The interesting this is, I think you may well be right. And I have a
hope that JKR is using the parody technique to set up some
interesting ethical and philisophical questions that will be
resolved, or maybe just revealed in DH. My *fear* is JKR chose to
use this sort of technique and it's run away from her and now she's
stuck writing about so-called good guys who actually do some pretty
horrible things all in the name of parody.
> >>Neri:
> The interesting thing is that, for me at least (and I think for many
> other readers) JKR's parody successfully generates a *more*
> believable world than if she was deliberately attempting serious
> world building.
> <snip>
> Sure, it's fun to play world building in the Potterverse and I do
> it a lot myself, but I don't see much point in blaming the Author
> for not doing well something she has never intended to do.
Betsy Hp:
I get that.
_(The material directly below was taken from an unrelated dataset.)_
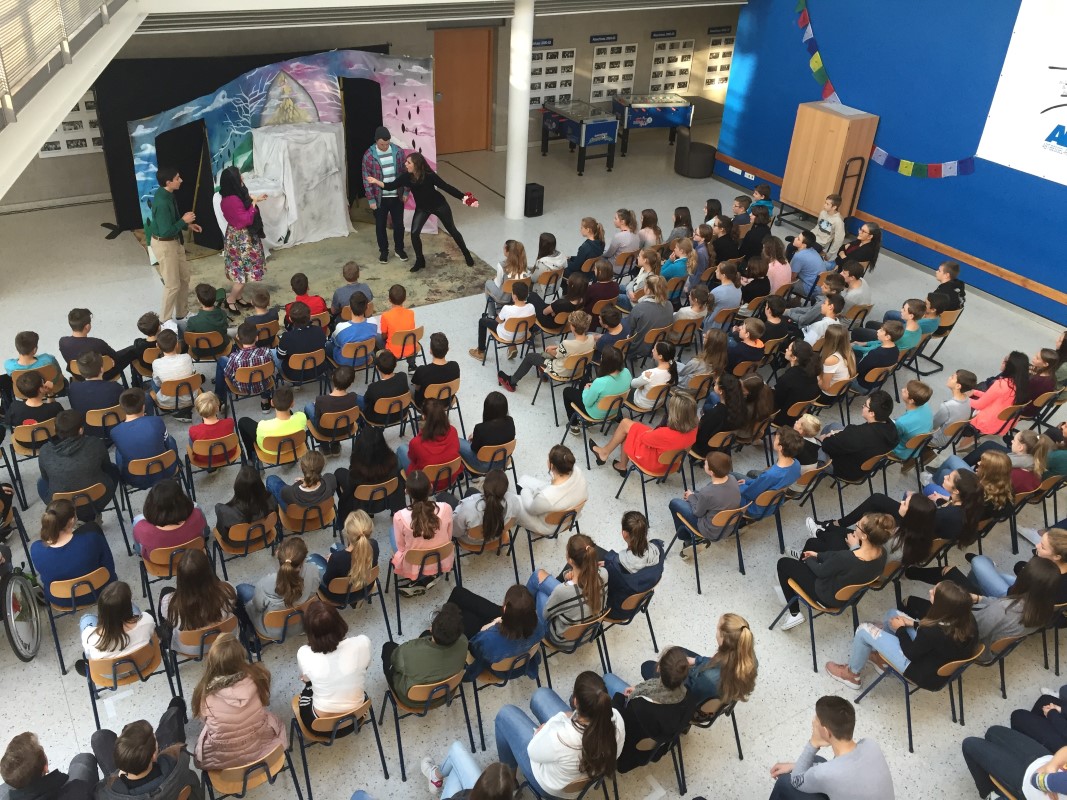 Das White Horse Theatre begeistert seit Jahren die Schülerinnen und Schüler der Abt-Bessel-Realschule. Es bietet Stücke für Unter-, Mittel- und Oberstufe an, die oft einen gesellschaftskritischen Hintergrund bearbeiten. Dieses Jahr nahmen alle 7. und 8. Klassen teil.

For me, the issues come in when the lack of some sort of
basic foundation leads to a few jarring mistakes. And it also, IMO,
steals a bit of depth from the series. But of course that's more of
an aesthetics thing. I do wonder if JKR meant for her readers to see
the WW as such a brutal and ugly place, but I think that goes back to
the question or whether or not she *meant* to posit the various
ethical dilemmas that pop up throughout the books
http://groups.yahoo.com/group/HPforGrownups/message/167624
> >>Carol:
> <snip>
> But it really seems unfair to expect an author who sees
> herself as a writer of children's books, and who seems to be
> focusing primarily on plot, secondarily on characters and themes,
> and who seems to be quite consciously manipulating the point of
> view for her own purposes, to be overly concerned with world-
> building. Her world is our world with a difference, not a long-ago
> and faraway Secondary World.
> <snip>
Betsy Hp:
For one, doesn't JKR bristle at the idea that she's
writing "children's books"? For another, I think what's being
pointed out is that *not* being "overly concerned with world-
building" has not served her well. And finally, interestingly enough
I read JKR more for her characters than her plot. Weird, huh?